** Opening DATA TO PROCESS block **
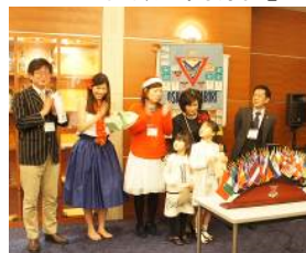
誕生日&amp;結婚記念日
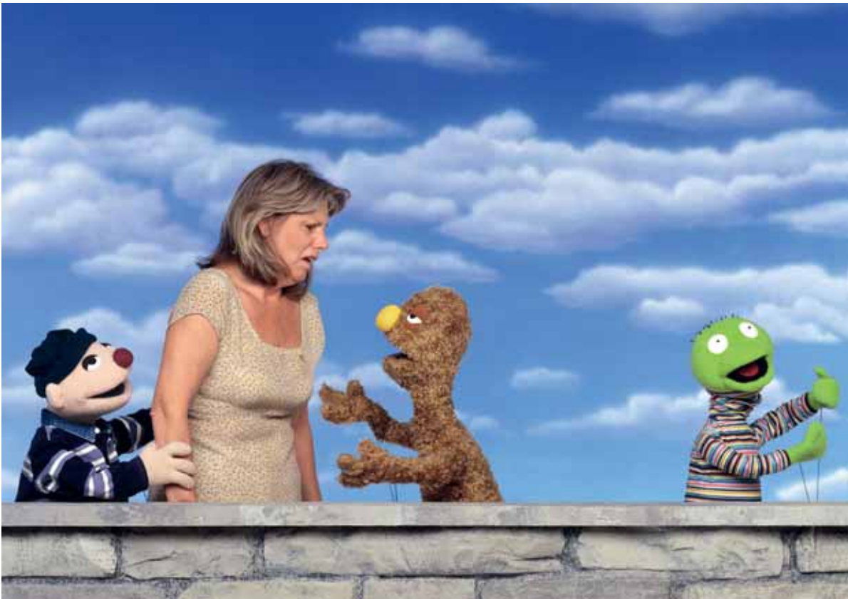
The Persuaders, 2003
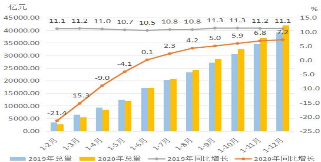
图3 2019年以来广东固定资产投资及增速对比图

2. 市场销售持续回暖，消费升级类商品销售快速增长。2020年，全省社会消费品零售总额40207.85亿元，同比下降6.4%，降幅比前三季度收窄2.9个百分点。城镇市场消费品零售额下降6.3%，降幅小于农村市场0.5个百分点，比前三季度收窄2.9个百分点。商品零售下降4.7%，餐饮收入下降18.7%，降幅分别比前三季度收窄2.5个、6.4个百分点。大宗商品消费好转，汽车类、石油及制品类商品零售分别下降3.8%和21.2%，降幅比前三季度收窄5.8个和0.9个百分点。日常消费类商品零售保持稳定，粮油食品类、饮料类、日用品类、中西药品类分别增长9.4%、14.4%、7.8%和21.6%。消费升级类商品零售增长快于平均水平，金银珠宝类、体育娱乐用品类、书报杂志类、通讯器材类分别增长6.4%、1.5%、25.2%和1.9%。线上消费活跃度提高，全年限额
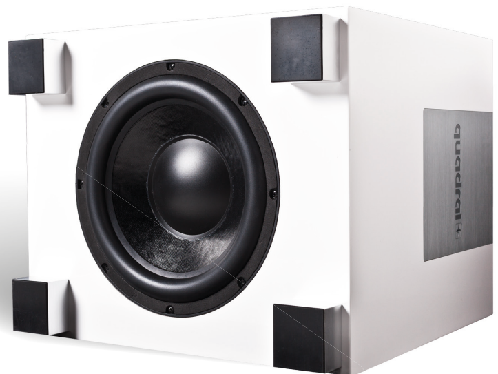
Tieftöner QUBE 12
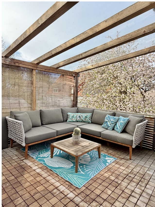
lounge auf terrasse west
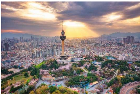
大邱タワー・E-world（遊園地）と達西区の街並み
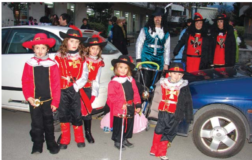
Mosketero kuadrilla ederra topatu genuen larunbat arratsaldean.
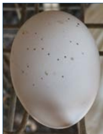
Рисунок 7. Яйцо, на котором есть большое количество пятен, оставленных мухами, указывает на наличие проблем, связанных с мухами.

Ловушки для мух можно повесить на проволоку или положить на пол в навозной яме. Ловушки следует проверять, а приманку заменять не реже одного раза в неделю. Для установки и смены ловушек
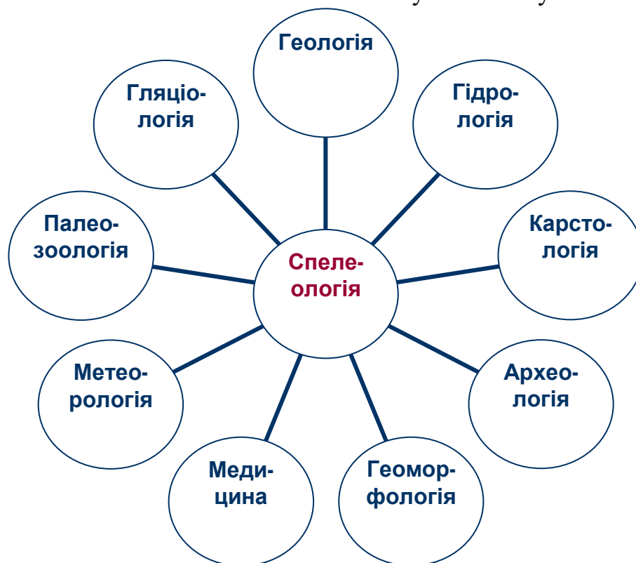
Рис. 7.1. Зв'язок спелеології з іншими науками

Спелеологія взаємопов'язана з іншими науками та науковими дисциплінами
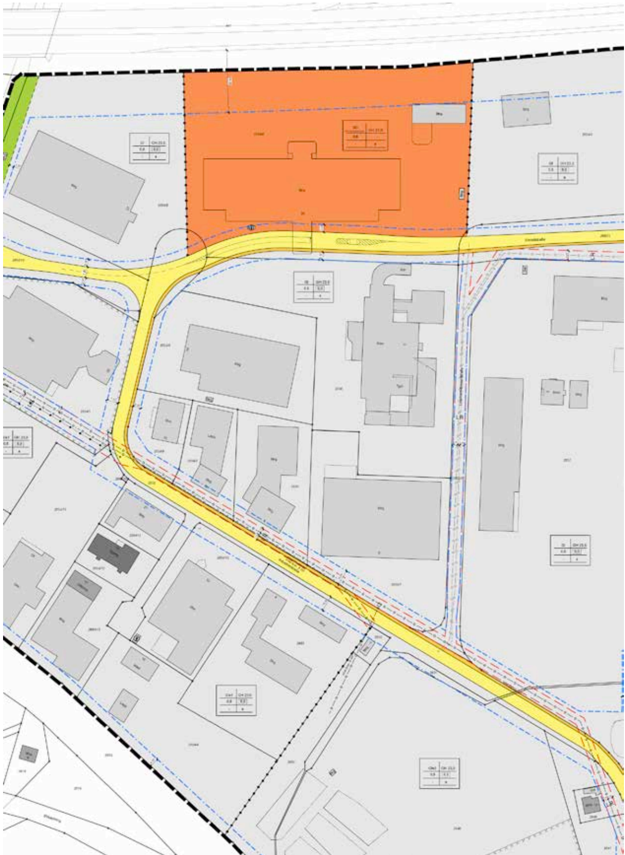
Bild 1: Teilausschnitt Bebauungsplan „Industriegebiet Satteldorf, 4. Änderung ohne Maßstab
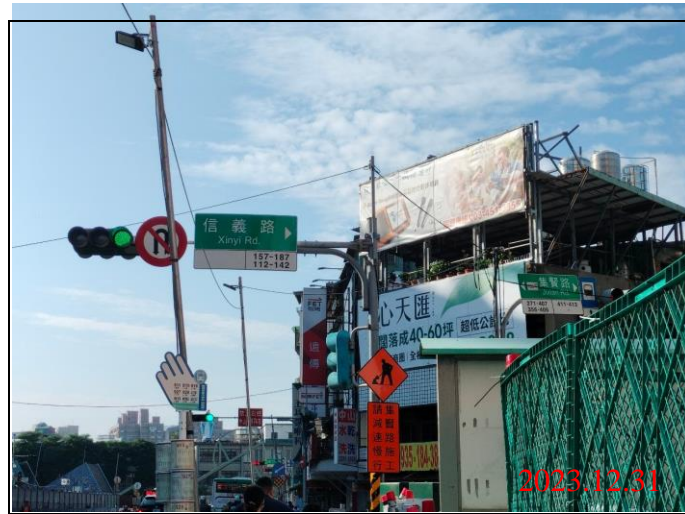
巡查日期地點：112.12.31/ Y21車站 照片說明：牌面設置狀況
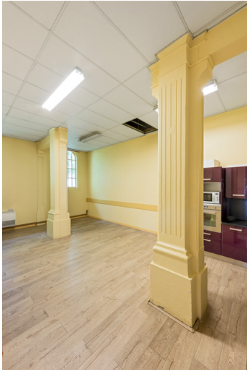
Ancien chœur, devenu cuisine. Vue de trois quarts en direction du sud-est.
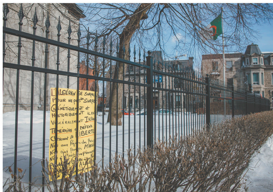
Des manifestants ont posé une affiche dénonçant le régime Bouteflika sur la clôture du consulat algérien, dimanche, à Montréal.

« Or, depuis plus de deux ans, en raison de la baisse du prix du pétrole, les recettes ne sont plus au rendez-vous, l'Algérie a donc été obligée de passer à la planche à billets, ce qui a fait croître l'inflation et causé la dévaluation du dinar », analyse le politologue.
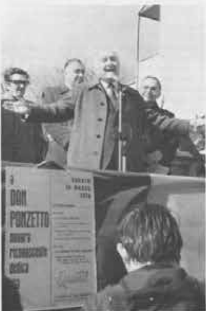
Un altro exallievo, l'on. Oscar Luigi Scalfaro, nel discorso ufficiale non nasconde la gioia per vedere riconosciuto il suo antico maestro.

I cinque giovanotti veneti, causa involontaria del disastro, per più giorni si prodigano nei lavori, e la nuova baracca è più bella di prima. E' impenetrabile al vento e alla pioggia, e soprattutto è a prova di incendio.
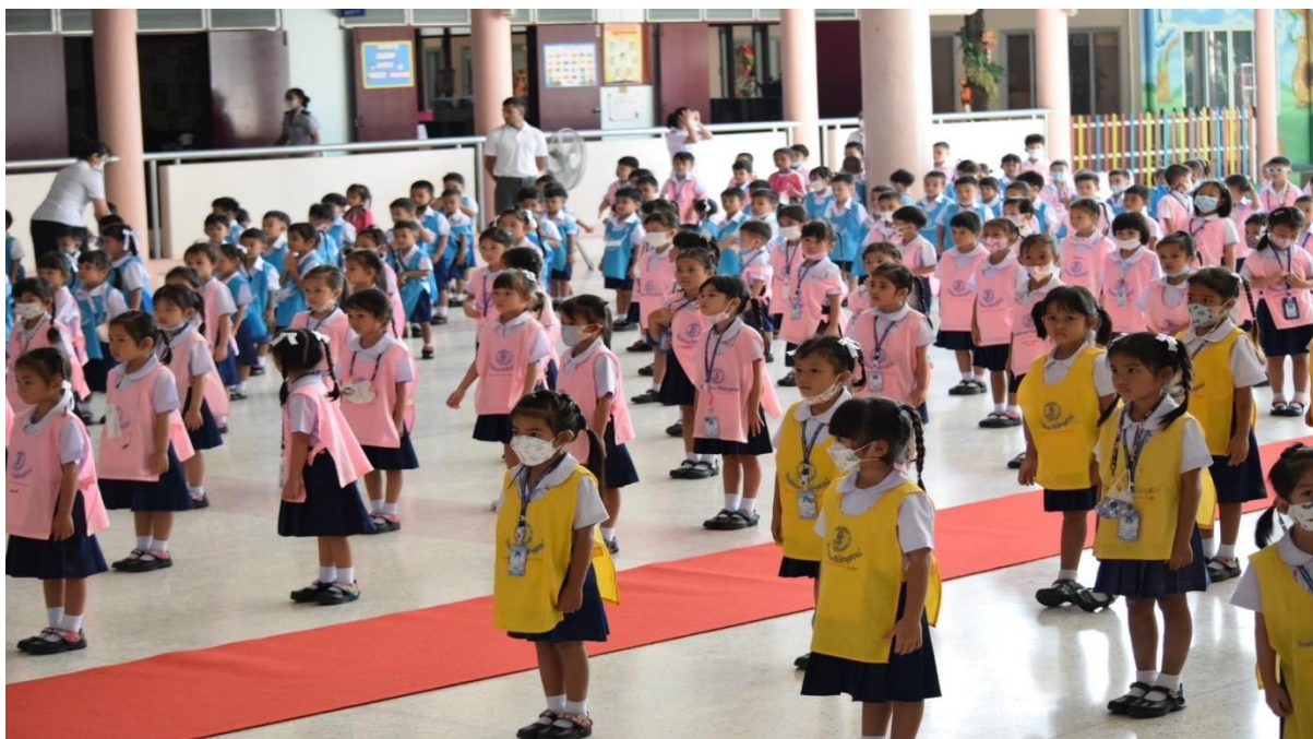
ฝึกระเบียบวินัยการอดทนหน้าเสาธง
** Closing DATA TO PROCESS block **
ASSIGNMENT:
Using the data above, retype exactly and only the lines from the one containing "巡查日期地點：112.12.31/ Y21車站 照片說明：牌面設置狀況" up to and including the one containing "Des manifestants ont", with no pictures carried over.

EXERCISE SOLUTION:
巡查日期地點：112.12.31/ Y21車站 照片說明：牌面設置狀況
Ancien chœur, devenu cuisine. Vue de trois quarts en direction du sud-est.
Des manifestants ont posé une affiche dénonçant le régime Bouteflika sur la clôture du consulat algérien, dimanche, à Montréal.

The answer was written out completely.